Presentazione

La statistica a supporto della salute: dalla prevenzione alla continuità delle cure

Gli articoli pubblicati su prestigiose riviste scientifiche (per un pubblico di esperti) e le notizie riportate dai media (per un pubblico più vasto) ci informano, quasi giornalmente, sulle conseguenze per la salute dell’invecchiamento, di errati stili di vita, della ricomparsa di malattie che si ritenevano eradicate, delle strategie di prevenzione e dell’uso di nuovi farmaci.

Spesso però le informazioni riportate sono contrastanti, di non facile interpretazione o provengono da analisi non corrette, da studi mal programmati o male interpretati.

Infatti, le tecnologie dell’informazione rendono disponibili, facilmente e in tempo reale, i risultati della ricerca biomedica e la “medicina basata sulle evidenze” (EBM) insegna come utilizzare appropriatamente questi risultati nella pratica corrente. Tuttavia, come riportato dal Prof. Vettore (Presidente emerito della Società Italiana di Pedagogia Medica) sul Bollettino d’Informazione sui Farmaci dell’AIFA – …non bisogna farsi prendere da “deliri di onnipotenza”: i risultati scientifici non sono sempre corretti, e soprattutto non sono mai certi, completi e definitivi, ma solo probabili e provvisori; e poi nella clinica anche la migliore delle conoscenze scientifiche va filtrata attraverso l’esperienza del medico e le aspettative del paziente, perché l’EBM – come diceva Sackett – non è un “libro di ricette da cucina”.

Prendere decisioni razionali e corrette, in ambito sanitario richiede quindi non solo competenza clinica, ma anche capacità di usare metodi adeguati a valutare l’efficacia degli interventi che si attuano per la salute dei singoli e della collettività.

Inoltre, perché tutti capiscano la razionalità dei risultati delle ricerche scientifiche e li accolgano, è di importanza cruciale che i mezzi di comunicazione (specializzati, o di massa) forniscano informazioni corrette e comprensibili sugli effetti che gli stili di vita, le condizioni ambientali, nonché le strategie di prevenzione, diagnosi, cura e riabilitazione hanno sulla salute di ciascuno.

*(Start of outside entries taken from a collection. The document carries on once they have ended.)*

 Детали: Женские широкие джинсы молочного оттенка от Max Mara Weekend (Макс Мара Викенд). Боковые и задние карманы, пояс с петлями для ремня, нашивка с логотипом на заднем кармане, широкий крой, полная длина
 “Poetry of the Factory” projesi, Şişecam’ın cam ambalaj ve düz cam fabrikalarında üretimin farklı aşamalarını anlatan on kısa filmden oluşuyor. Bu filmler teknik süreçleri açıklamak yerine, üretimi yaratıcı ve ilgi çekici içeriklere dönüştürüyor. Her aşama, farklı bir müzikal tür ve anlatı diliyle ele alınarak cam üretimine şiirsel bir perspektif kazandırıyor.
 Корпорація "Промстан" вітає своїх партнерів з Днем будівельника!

In questo ambito, il metodo statistico riveste un ruolo indispensabile sia nell’assicurare l’attendibilità delle statistiche sanitarie correnti, sia nel pianificare studi osservazionali e sperimentazioni cliniche eticamente accettabili, sia infine nell’interpretare i risultati e disseminarli in modo chiaro e non distorto.

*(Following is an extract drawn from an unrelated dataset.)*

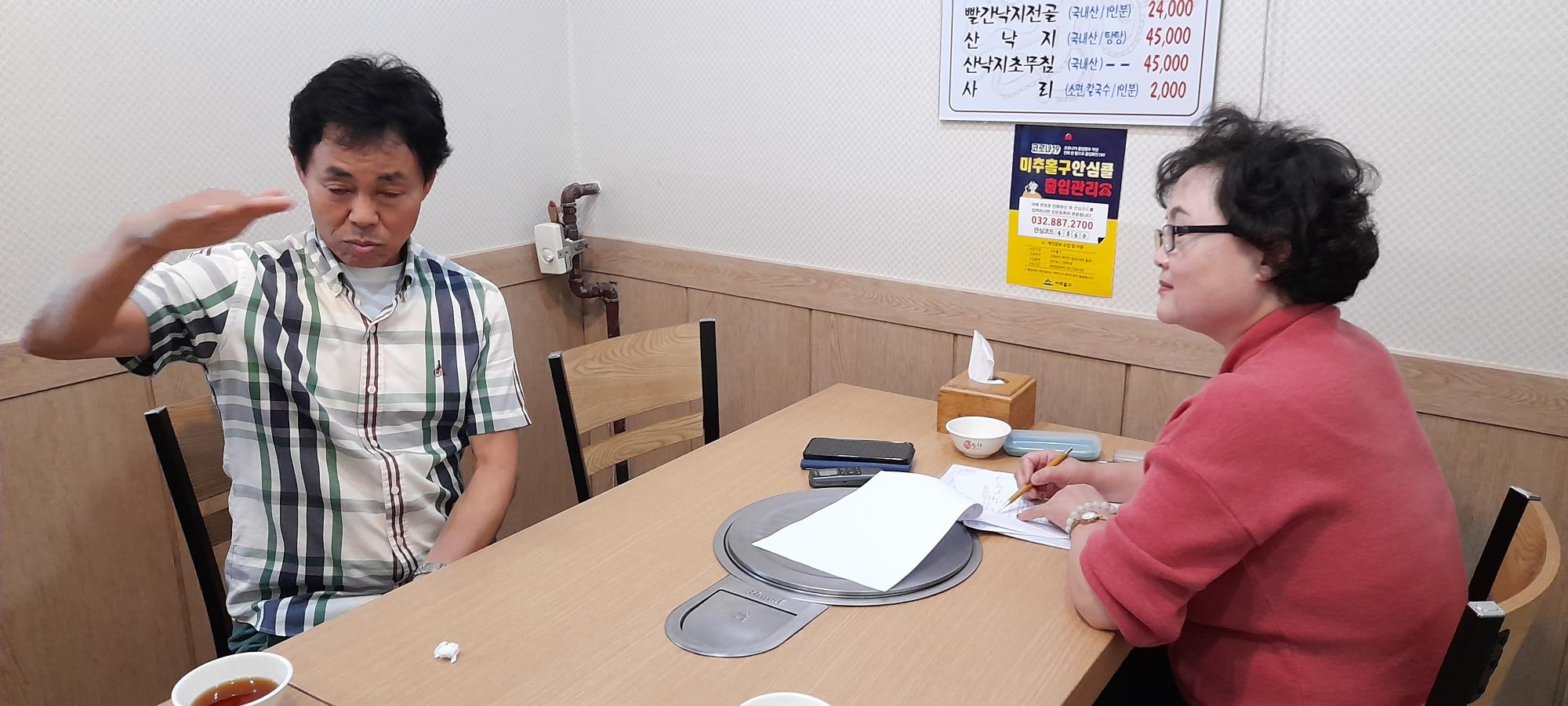 낙지마당 사장님 인터뷰사진이다. 미추홀구에 온지 22년이 되었으며, 낙지마당을 운영한지 14년째이다. 종종 구입한 배를 타고 낙지를 잡기도 하며, 현재 14년째 같은곳에서 가게를 운영중이다. 좋은재료와 변함없는 맛이 제일 중요하다고 생각한다.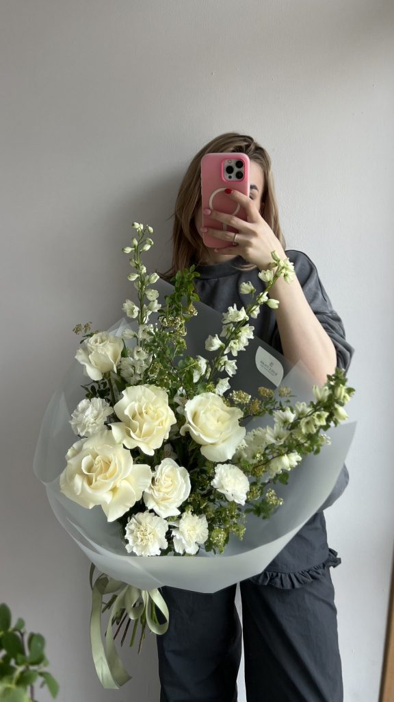 Составной букет в белой гамме. Все букеты мы доставляем на аквапакетах. А в подарок даём подкормку и инструкцию по уходу за букетом.

Il IX Congresso Nazionale SISMEC intende contribuire a consolidare il rapporto di collaborazione tra ricercatori clinici e statistici per migliorare la salute di tutti.

Con questo intento, l’argomento principale della prima giornata riguarderà l’impatto dello stile di vita sulla salute e quello della seconda, le nuove strategie terapeutiche e la valutazione del danno e dell’accertamento della colpa nel caso di “errori” nella cura. Infine, nella terza giornata, sarà discusso come poter meglio monitorare la continuità delle cure quando sono coinvolti molteplici interlocutori e differenti modalità assistenziali.

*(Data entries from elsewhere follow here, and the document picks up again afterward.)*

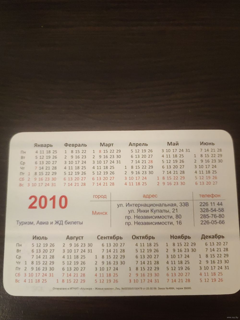 Календарик,реклама,2010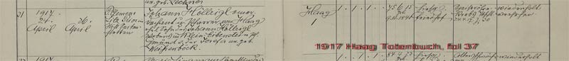 - † 24. 4. 1917 in Haag (Speiseröhrenkrebs; wiederholt versehen) eingesegnet vom Prior in Seitenstetten, P. Clemens Litz am 26. 4. 1917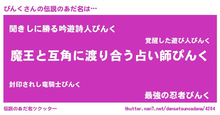 | 男性向けラノベタイトル風あだ名 | 『この素晴らしい世界にぴんくを!』 |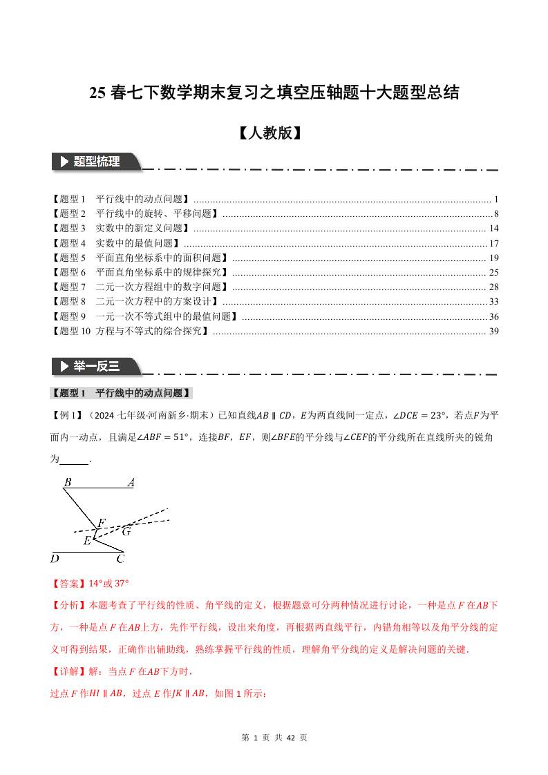 期末复习之解答压轴题十大题型总结(人教版)(解析版)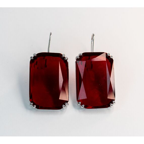 Серьги из гипоаллергенного ювелирного сплава серого цвета. Вставка- ювелирное стекло, цвет- красный. Высота серег-4см, ширина-2см. Застежка- петля.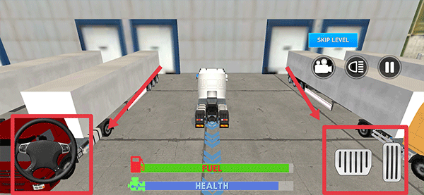 4、在游戏中玩家需要利用左下角的轮盘操控卡车的方向,右边为倒车和前进
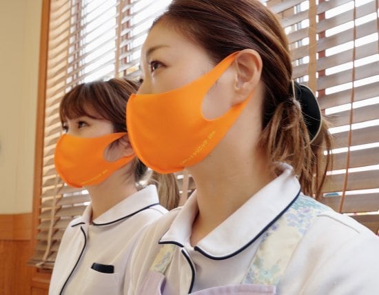 ポリエステル82%ポリウレタン18% UVカット UPF50素材生地のマスクにお客様希望の文字やロゴマークプリントしてお届け致します。

Con l’augurio che la partecipazione attiva dei Soci della Società e dei ricercatori e professionisti della salute, interessati ad approfondire e discutere l’applicazione del metodo biostatistico ed epidemiologico per arricchire le conoscenze e promuovere la salute, possa far germogliare e crescere alberi robusti…

Continua a piantare i tuoi semi, perché non saprai mai quali cresceranno – forse lo faranno tutti. (Albert Einstein)

Sono proposti inoltre 4 corsi tutoriali, rivolti particolarmente ai soci più giovani e ai ricercatori di altri settori disciplinari che vorranno cogliere l’opportunità di una giornata di formazione su temi sia di ricerca sia di didattica.

Anche nel IX Congresso Nazionale SISMEC sarà ricordata la nostra socia Michela Ballardini con un premio rivolto ai giovani ricercatori.

Concorrono al Premio tutti gli iscritti al congresso di età non superiore a 35 anni che presentino un poster.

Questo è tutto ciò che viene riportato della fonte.